Introduction
Hello and Welcome to the Tengine 0.5 Support for 96Boards blog. In this blog we will look into the Tengine 0.5 support for 96Boards. This blog will provide a statistical overview of how 96Boards serves as a best-bed for leveraging OAID stack on ARM64.
OAID
OPEN AID is an open source projects being actively developed and maintained by a dedicated project team all around the globe.
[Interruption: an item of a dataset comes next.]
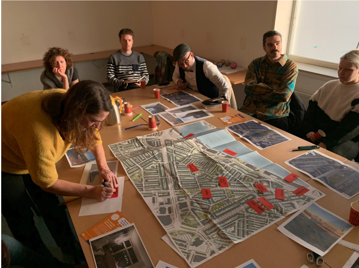
Workshop tbv de Wijkpeelfilm Tarwewijk

Eind 2022 zijn we gestart met een alternatief wijkmuseum in Tarwewijk. In de vorm van een speelfilm brengen we de verhalen van de wijk in beeld. Met bewoners maken we een verhaal én filmen we dit in de vorm van een speelfilm.

OPEN AID commits to provide open source implementation on various readily available SoCs and their hardware platform to help product developers and application designers in fast prototyping with end to end reference optimised system. Via optimised compute acceleration over various silicon technology, OPEN AID offers an efficient middleware with a generic while proliferate application interface for developers.
96Boards.ai
96Boards.ai has enabled multiple AI compute platform with neural computing acceleration through various silicon fabrics such as CPU, GPU, DSP, FPGA, ASIC. By leveraging 96Boards open platform, OPEN AID is set to further accelerate AI product innovations on a range of SoCs.
Tengine 0.5
TEngine 0.5 is released on 15th June 2018. This is a major release from OPEN AI LAB with abundant of new features including
-
GPU support
-
native BLAS operator
-
new networks (Inception-v3/vgg16/faster-rcnn/ssd/yolo-v2),
-
Android (32 and 64 bits)
-
Tensorflow serialiser and wrapper
-
TEngine enablement for 2 main stream 96Boards AI platforms - dragonboard 820c and HiKey960 from contribution of Qualcomm and Linaro (thanks to Mark Charlebois and Manivannan Sadhasivam.
-
TEngine 0.5 release also simplifies CPU driver and its configuration with single driver.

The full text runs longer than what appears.